Para a atriz Luísa Locher, de 23 anos, o Dia Internacional da Mulher é um momento de destacar que sua carreira é uma busca constante por entender o ser humano. Com uma trajetória que une o audiovisual e o teatro, representar mulheres vai muito além do entretenimento para ela, é um ato de ocupação de espaços e de celebração das nuances femininas que, por muito tempo, foram simplificadas na dramaturgia.
Nascida em São Carlos, interior de São Paulo, Luísa sentiu a veia artística pulsar desde a infância, mas foi em 2018, ao se emocionar com o espetáculo O Fantasma da Ópera, que decidiu que seu destino seria viver e provocar experiências através da atuação. Para ela, atuar é “viver várias vidas dentro de uma” e, no contexto atual, essa multiplicidade é uma ferramenta poderosa de representatividade.
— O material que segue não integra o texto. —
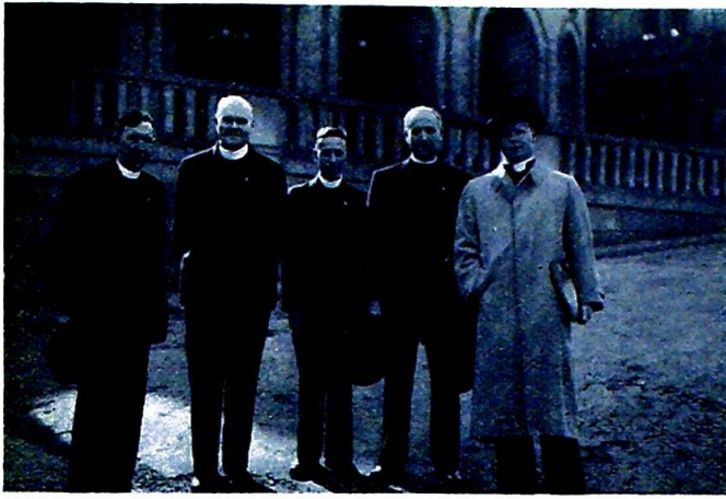
Ved den Geofysiske kongress i Oslo i 1948 tok også en gruppe Jesuitpatres del. Her sees 4 representanter fra henholdsvis Australia, Amerika, Argentina og Frankrike sammen med St. Olavs redaktør — foran Stortinget!

funnet i de europeiske land, beslutter han å stille sin «compagnia» helt til pavens disposisjon for å bli satt inn som spesiell støttetropp («kommando» sa man i den siste krig) på de vanskeligste frontavsnitt i kirken. Effektiv hjelp kunne bare ytes ved en slik sentralisering under pavens direkte ledelse. I de enkelte bispedømmer forekom det i den tid dessverre at bispestolen og kanikkstillingen først og fremst ble betraktet som inntektskilder som adelige herrer sikret seg for sine protesjéer; selve embetsstyrelsen ble da overlatt til mer eller mindre skikkede stedfortredere. I flere bispedømmer gikk bispene i reformasjonstiden over til den nye lære og forsøkte å føre hele bispedømmet med seg. Her trengte moderkirken en sentralisert redningsaksjon. Og der ble jesuitene de første og viktigste pionérer. De preket åndelig fornyelse i by og bygd, opprettet skoler og kollegier; deres beste teologer tok del i kirkemøtet i Trient, (f. e. Laynez og Canisius), andre utførte vanskelige oppdrag som pavens sendemenn til fyrster. Samtidig åpner de store oppdagelser i Amerika og India veldige misjonsmarker og det er jesuittorden (f. e. Frans Xavier) som her gjør det imponerende pionérarbeid.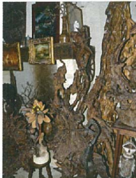
L'hallucination vespérale H.200xL.80xl.80 8000 €

Ao analisar a multiplicidade de suas personagens, Luísa destaca que o ofício de atuar traz esse presente de poder viver as diferentes facetas. Segundo a atriz, cada projeto permite entrar em contato com dores, forças, contradições e desejos distintos. “Isso amplia, a cada projeto, o meu olhar sobre o feminino e sobre a história de cada uma dessas mulheres. Não apenas sobre as facetas de ser mulher hoje, mas sobre as múltiplas formas de ser mulher, em diferentes tempos, contextos e realidades”, afirma.
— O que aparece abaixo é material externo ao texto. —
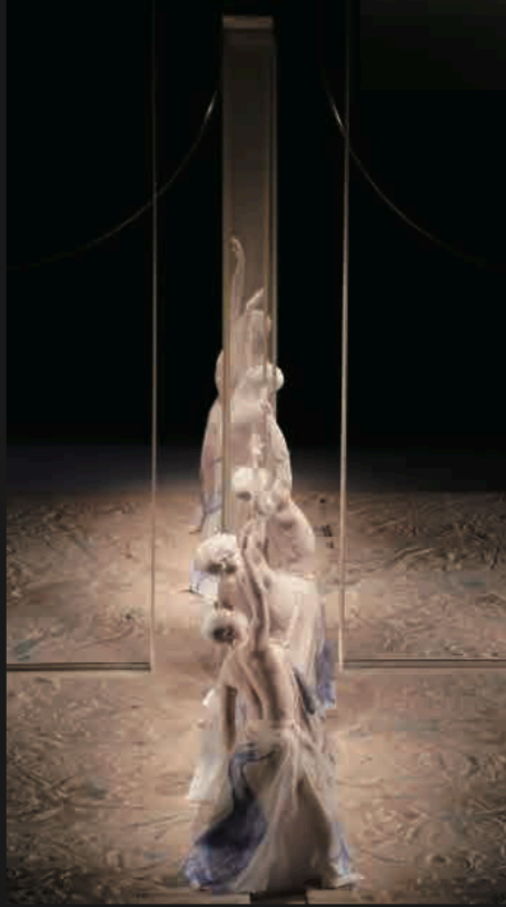
『TOTEM 真空と高み』世界初演(北九州芸術劇場)より

『ARC 薄明・薄暮』以来4年ぶりの新作『TOTEM 真空と高み』、東京初演。虚空を見上げる男たち。中西夏之の「カルテット着陸と着水X」に想を得た美術を中心に男たちを配した天児は、中心と周縁の距離があるほど空間の磁場が強まるとも言いた気である。男たちは注意深く光と影が交差するその場と向き合い、少しずつ、時には大胆に、空間を変容させていく。イメージの磁力は見ているものの脳の中で極点まで高まる。四つに区切られた空間と見え、実のところはパラレルワールドで遊ぶ男たちの一炊の夢。

Luísa defende que a presença de mulheres reais, com falhas e contradições, é o que permite uma identificação profunda com o público. Segundo ela, ao fugir de rótulos simplistas como “mocinha” ou “vilã”, a narrativa ganha honestidade. “Cada personagem me trouxe a possibilidade de entrar em contato com dores, forças e desejos diferentes. Isso amplia meu olhar não apenas sobre o ser mulher hoje, mas sobre as múltiplas formas de ser mulher em diferentes tempos e realidades”.
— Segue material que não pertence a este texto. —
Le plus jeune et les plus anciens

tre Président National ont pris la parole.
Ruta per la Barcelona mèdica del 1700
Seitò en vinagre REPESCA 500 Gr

Mesmo em ambientes ainda marcados pela liderança masculina, como o audiovisual e o teatro, a atriz impõe sua voz através do preparo e da clareza técnica. Luísa explica que chega aos sets com estudo e consciência de sua visão artística, sustentando o que acredita e mantendo-se aberta ao diálogo, sempre confiando no próprio olhar. Essa maturidade reflete sua trajetória, que teve um marco importante na personagem Edna, da série vertical Troca de Noivos. “Foi a primeira personagem que vivi em uma nova fase da minha vida pessoal e profissional, e isso fez com que o processo tivesse um peso especial”, relembra.
Como mensagem para as jovens que desejam seguir o caminho da arte mas temem os desafios do mercado, Luísa é enfática ao dizer que a relação com o próprio olhar artístico deve ser a prioridade. “A arte não exige pressa, exige presença. O mercado tem desafios, sim, mas eles não podem ser maiores do que a relação que você constrói consigo mesma e com o seu olhar artístico. Quanto mais você se conhece, mais consistente fica o seu caminho”, finaliza.